JLeaks: A Featured Resource Leak Repository Collected from Hundreds of Open-Source Java Projects
Tianyang Liu,Weixing Ji,Xiaohui Dong,Wuhuang Yao,Yizhuo Wang,Hui Liu,Haiyang Peng,Yuxuan Wang
DOI: https://doi.org/10.1145/3597503.3639162
2024-01-01
Abstract:High-quality defect repositories are vital in defect detection, local-ization, and repair. However, existing repositories collected from open-source projects are either small-scale or inadequately labeled and packed. This paper systematically summarizes the program-ming APIs of system resources (i.e., file, socket, and thread) in Java. Additionally, this paper demonstrates the exceptions that may cause resource leaks in the chained and nested streaming operations.

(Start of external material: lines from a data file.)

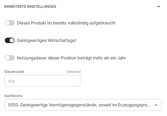 Das neue Sachkonto wird automatisch in den Eingangsrechnungen für Artikel verwendet, die für die interne Verwendung gekauft werden.
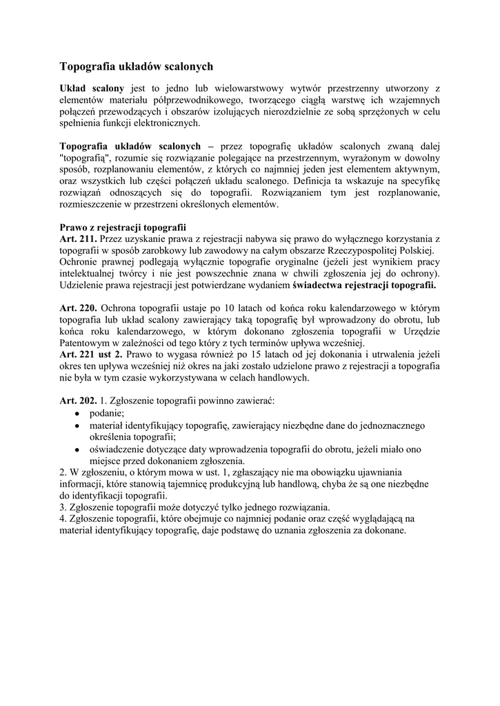 Topografia układów scalonych Układ scalony jest to jedno lub wielowarstwowy wytwór przestrzenny utworzony z elementów materiału półprzewodnikowego, tworzącego ciągłą warstwę ich wzajemnych połączeń przewodzących i obszarów izolujących nierozdzielnie ze sobą sprzężonych w celu spełnienia funkcji elektronicznych. Topografia układów scalonych – przez topografię układów scalonych zwaną dalej "topografią", rozumie się rozwiązanie polegające na przestrzennym, wyrażonym w dowolny sposób, rozplanowaniu elementów, z których co najmniej jeden jest elementem aktywnym, oraz wszystkich lub części połączeń układu scalonego. Definicja ta wskazuje na specyfikę rozwiązań odnoszących się do topografii. Rozwiązaniem tym jest rozplanowanie, rozmieszczenie w przestrzeni określonych elementów. Prawo z rejestracji topografii Art. 211. Przez uzyskanie prawa z rejestracji nabywa się prawo do wyłącznego korzystania z topografii w sposób zarobkowy lub zawodowy na całym obszarze Rzeczypospolitej Polskiej. Ochronie prawnej podlegają wyłącznie topografie oryginalne (jeżeli jest wynikiem pracy intelektualnej twórcy i nie jest powszechnie znana w chwili zgłoszenia jej do ochrony). Udzielenie prawa rejestracji jest potwierdzane wydaniem świadectwa rejestracji topografii. Art. 220. Ochrona topografii ustaje po 10 latach od końca roku kalendarzowego w którym topografia lub układ scalony zawierający taką topografię był wprowadzony do obrotu, lub końca roku kalendarzowego, w którym dokonano zgłoszenia topografii w Urzędzie Patentowym w zależności od tego który z tych terminów upływa wcześniej. Art. 221 ust 2. Prawo to wygasa również po 15 latach od jej dokonania i utrwalenia jeżeli okres ten upływa wcześniej niż okres na jaki zostało udzielone prawo z rejestracji a topografia nie była w tym czasie wykorzystywana w celach handlowych. Art. 202. 1. Zgłoszenie topografii powinno zawierać: podanie; materiał identyfikujący topografię, zawierający niezbędne dane do jednoznacznego określenia topografii; oświadczenie dotyczące daty wprowadzenia topografii do obrotu, jeżeli miało ono miejsce przed dokonaniem zgłoszenia. 2. W zgłoszeniu, o którym mowa w ust. 1, zgłaszający nie ma obowiązku ujawniania informacji, które stanowią tajemnicę produkcyjną lub handlową, chyba że są one niezbędne do identyfikacji topografii. 3. Zgłoszenie topografii może dotyczyć tylko jednego rozwiązania. 4. Zgłoszenie topografii, które obejmuje co najmniej podanie oraz część wyglądającą na materiał identyfikujący topografię, daje podstawę do uznania zgłoszenia za dokonane.
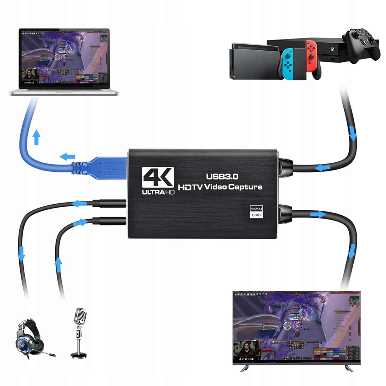 Dzięki technologii USB 3.0 o wysokiej prędkości umożliwia nagrywanie jednego strumienia wideo w jakości HD. Brak opóźnień podczas grania na żywo.
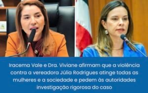 Em nota, a presidente da Assembleia Legislativa, Iracema Vale, expressou sua profunda indignação com os relatos de violência sofridos pela vereadora de tentativa de estupro, agressão física, assédio moral e violência política, classificando-os como graves. “Não podemos normalizar nem silenciarmos diante de tamanha violência. Nosso compromisso é cobrar das autoridades competentes a apuração urgente e rigorosa dos fatos, garantindo a responsabilização exemplar do acusado”, afirmou Iracema Vale na nota, solidarizando-se com a vereadora Júlia Rodrigues e reafirmando que “nenhuma mulher deve se calar diante de qualquer forma de violência”.
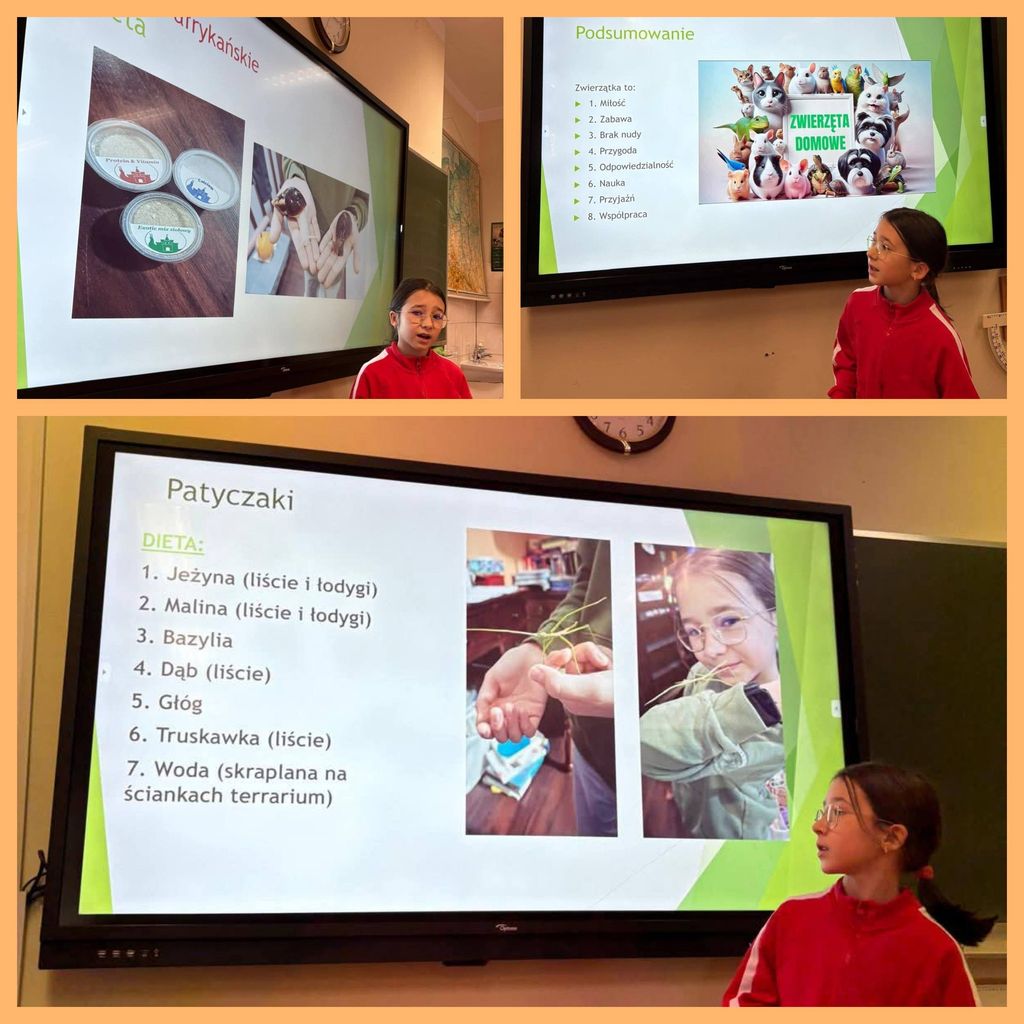 Uczniowie klas czwartych świetnie spisali się na dzisiejszej lekcji przyrody! Jula, Maja i Kamil samodzielnie przygotowali prezentacje o swoich domowych pupilach. Z ogromnym zaangażowaniem opowiadali o tym, jak dbają o swoich małych przyjaciół, a cała klasa z zainteresowaniem słuchała i zadawała pytania. Brawo dla naszych młodych przyrodników!
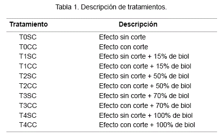 La descripción de la combinación de los factores de estudio se presenta en la Tabla 1. El análisis de datos se realizó con el programa SAS (Statistical Analysis System).
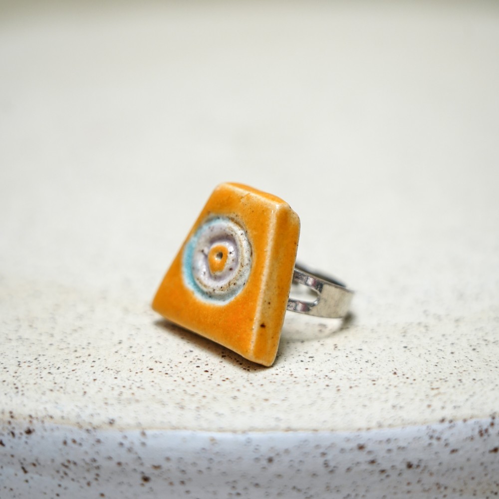 A handmade ceramic ring featuring a square ceramic element with a central concentric circular motif. The warm orange surface frames a layered circular detail in white and pale blue tones, creating a balanced contrast between geometry and organic texture. Each ring is individually crafted and mounted on an adjustable metal band, making every piece truly one of a kind.
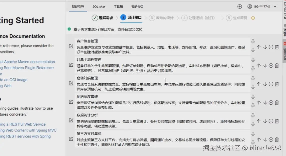 - 接口设计:生成带身份认证的标准化接口,比如创建订单的
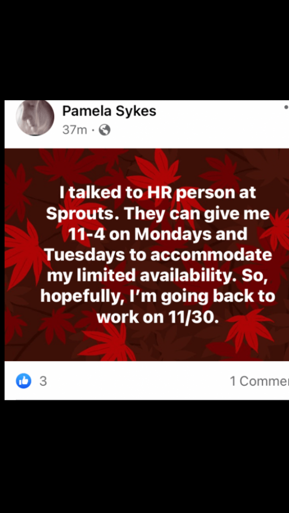 Calling them was on my to do list for today. But, since Betty (not her real name), the woman who handles most HR issues in my Sprouts store in Winter Park, called and left me a message about wanting to put me back on the schedule on 11/30, I decided to ignore Unum for today.
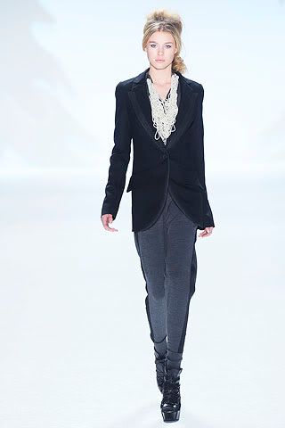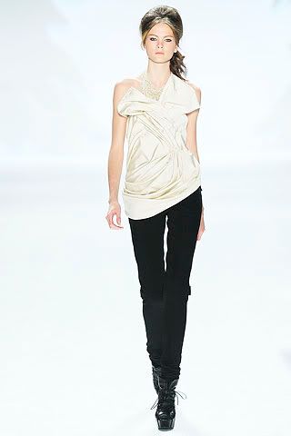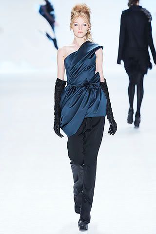 As you know, I tend to be slightly biased when it comes to Vera Wang. I loved her Spring/Summer collection, and the same goes for her Fall/Winter. Although, I feel like she went back to basics, color wise. It seems as though black is back! with her. And, coming from someone who's worked at a high-end department store, black was always back with me. However, coming from Vera, it looks so much cooler.
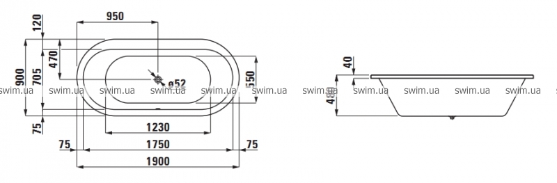 Ванна акриловая Laufen Solutions 2.2551.0.000.000.1 190х90 см
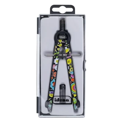 The compass in the design "Comic" has a fine adjustment function thanks to a centre drive wheel that allows precise circles without slipping With a maximum radius of 19.5 cm, the quick adjustment compass is suitable for a variety of drawings and projects Includes two refills in a handy tin that can be easily replaced Made from durable metal and plastic, the compass offers durability and stability The compass comes in a sturdy plastic case that ensures safe protection and easy storage
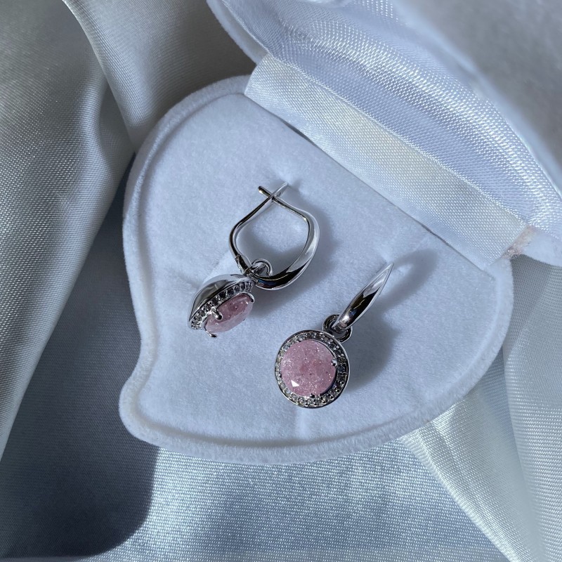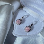Očarljivi uhani iz srebra 925, okrašeni z bleščečim cirkonijem in rožnatim kremenom.
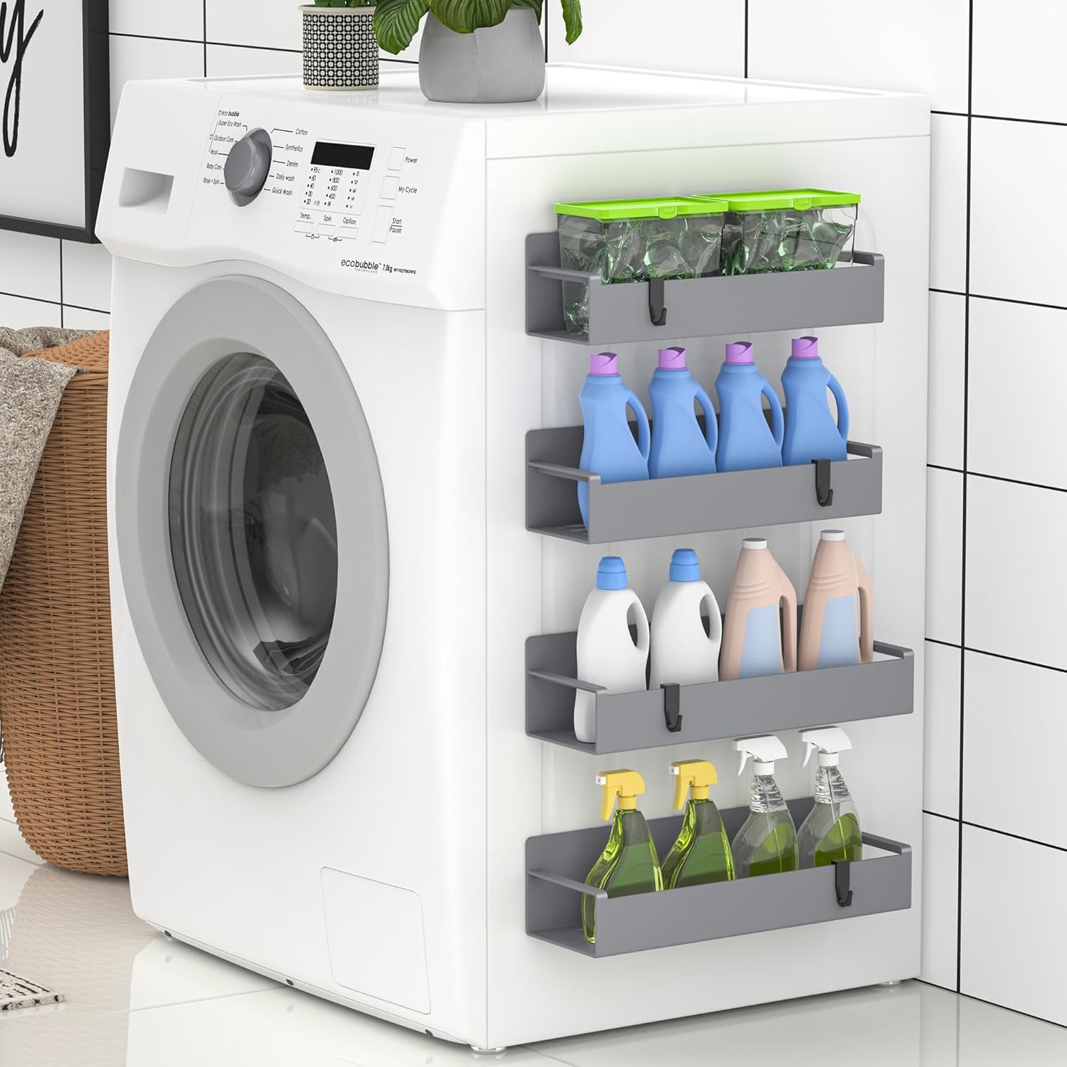 4 Pack Magnetic Spice Rack Organizer for Refrigerator and Oven, Dark Grey Fridge Organizers and Storage for Kitchen
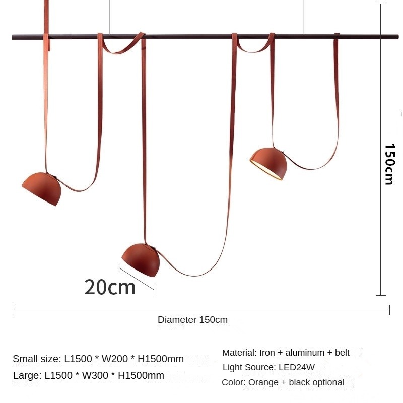 - Industrial Chic Dual-Tone Design: The Pendant Lamp makes a bold style statement with its striking contrast of vibrant orange and sleek black finishes, creating a dramatic visual impact in any space. This exceptional pendant lamp combines genuine leather belt accents with glass elements and metal framework, offering a perfect blend of industrial ruggedness and modern sophistication. Available in two sophisticated sizes (1500*200*1000mm and 1500*300*1000mm), this dual-tone pendant lamp serves as an eye-catching centerpiece for both residential and commercial environments seeking that perfect mix of industrial charm and contemporary elegance.
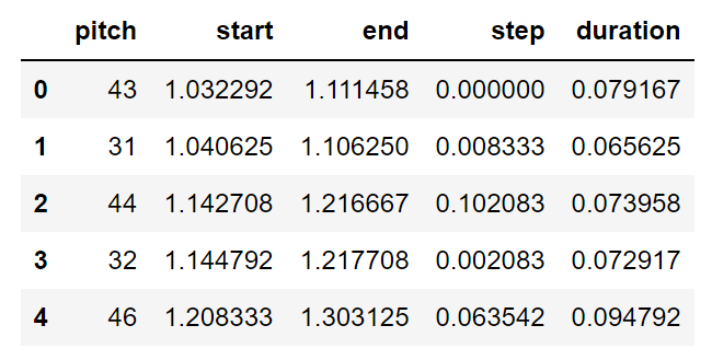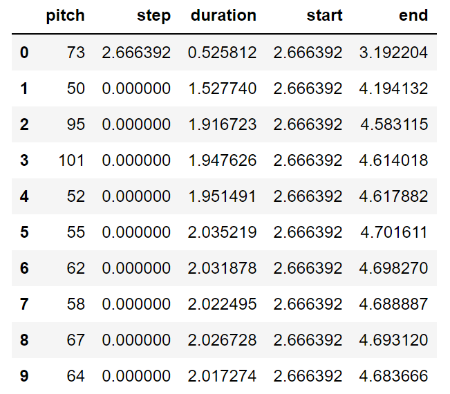 The pitch values above represent the perceptual quality of sound as recognized by the MIDI note numbers. The step variable represents the time elapsed from the previous note or start of the track. Finally, the duration variable represents the difference between the start time and end time of a note, i.e., how long a particular note lasts. In the code snippet below, we extract these three parameters that will be utilized for constructing the LSTM model network to compute and generate music.
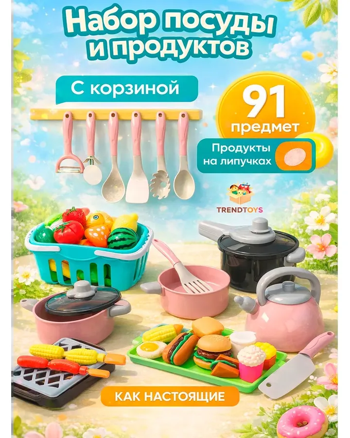 Игрушка TrendToys Посуда и продукты 74 предм.Упакован хорошо, посуда хорошего качества, пластик без запаха, что не маловажно.Брала в подарок внучке 2,5 года.
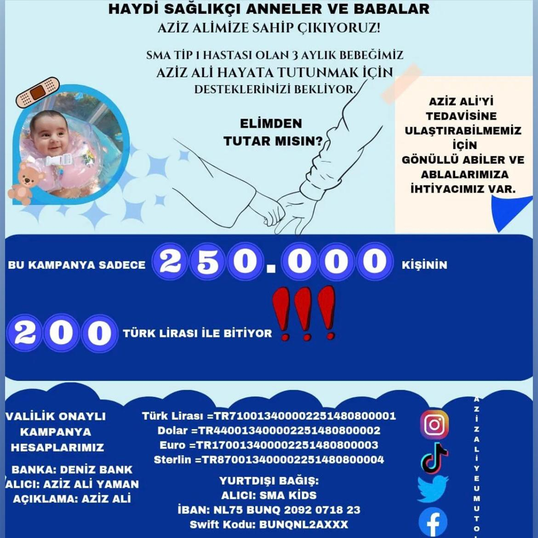 Eyüp ve Zeynep Yaman çiftinin ilk ve tek evladı Aziz Ali'ye daha 10 günlükken topuk kanından alınan örnek ile SMA Tip 1 ölümcül kas hastalığı teşhisi konuldu. 4 Aylık çocukları Aziz Ali'nin, kas gücünü koruması için Spinraza ilacının sadece bir dozunu alabilmiş. Aslında şu anda 4. dozunu alması gerekiyor ama ilaç temini sağlanamıyor ne yazık ki!SAĞLIKÇI AİLE "BİZ TÜM HASTALARA ŞİFA OLURKEN, KENDİ YAVRUMUZA ŞİFA OLAMIYORUZ"Adana Seyhan'da ikamet eden baba yoğun bakım hemşiresi Eyüp Yaman, Yüreğir Devlet Hastanesi'nde 3 yıldır görev yapıyor. Covid ve deprem zamanında sahada aktif çalışmış bir baba.
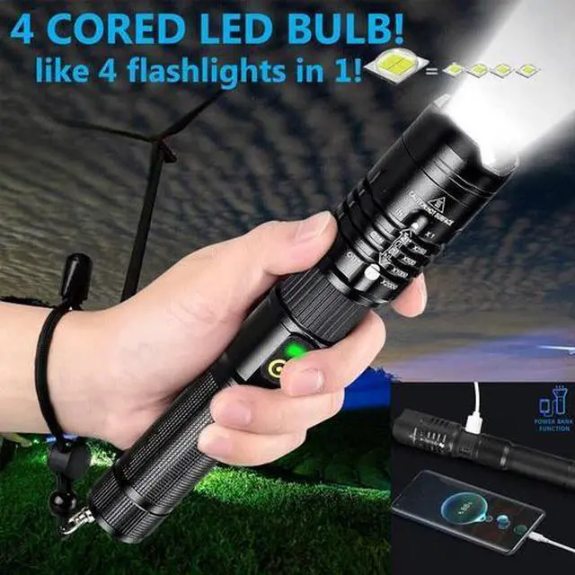 [Super Bright Flashlight]Our 990000 lumens tactical flashlight utilizes the durable XHP50 LED chip,provides poweful light,4 times brighter than T6 flashlight.Max beam distance up to 500 meters (1640ft).With a lifetime up to 50,000 hours.Attention:You need get it fully charged before use.please make sure the battery "+" face the inside.
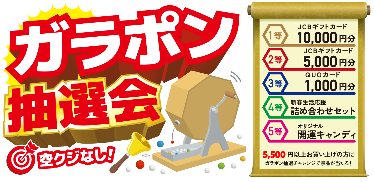 総額5,500円(税込)以上お買い上げの方にガラポン抽選で景品が当たります!
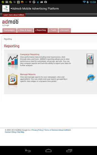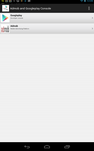 This app put Admob and google play developer console together.The AdMob function allow you to put a widget in your home screen to display you revenue. This widget display today's revenue, last 7 days revenue and last 30 days revenue.If you are an advertiser or a publisher you can easily view your AdMob statistics by campaigns, sites & apps and ads because in addition to the widget his app includes a user interface that allows you to access to your AdMob statistics.The google play console function is the Google Play Web Console App that will guide you through Google Play web console page you use in your PC. Just a Short cut for Google Play for your convenience.
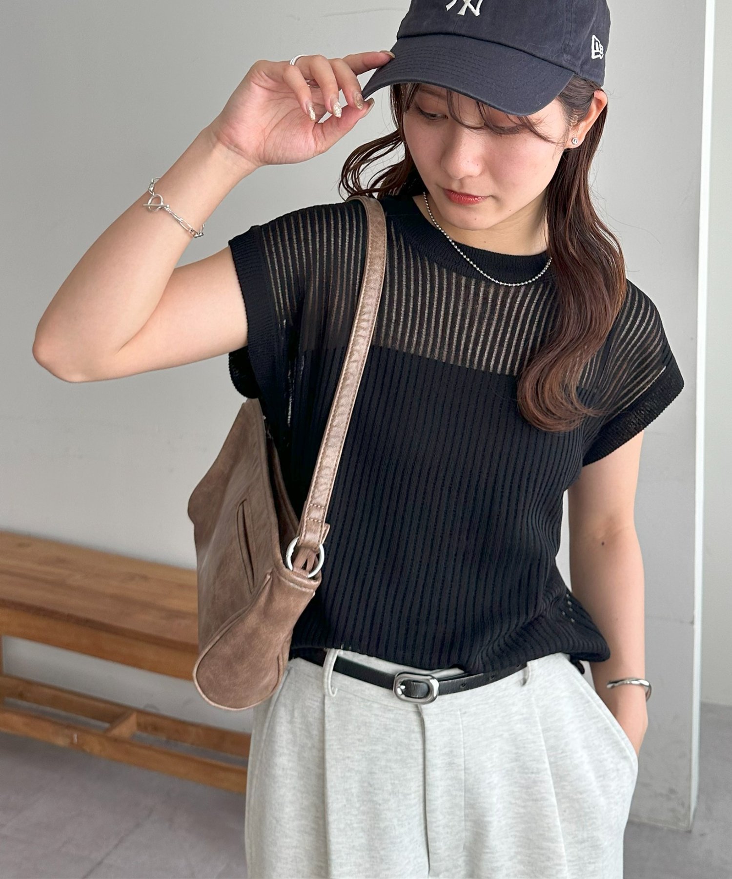 - Прозрачный трикотажный топ с оптимальным количеством прозрачности и вертикальной ребристой текстурой для элегантного образа

A semi-automatic toolchain is built to improve the efficiency of de-fect extraction, including automatic building for large legacy Java projects. Accordingly, 1,094 resource leaks were collected from 321 open-source projects on GitHub. This repository, named JLeaks, was built by round-by-round filtering and cross-validation, involving the review of approximately 3,185 commits from hundreds of projects. JLeaks is currently the largest resource leak repository, and each defect in JLeaks is well-labeled and packed, including causes, locations, patches, source files, and compiled bytecode files for 254 defects. We have conducted a detailed analysis of JLeaks for defect distribution, root causes, and fix approaches. We compare JLeaks with two well-known resource leak repositories, and the results show that JLeaks is more informative and complete, with high availability, uniqueness, and consistency. Additionally, we show the usability of JLeaks in two application scenarios. Future studies can leverage our repository to encourage better design and implementation of defect-related algorithms and tools.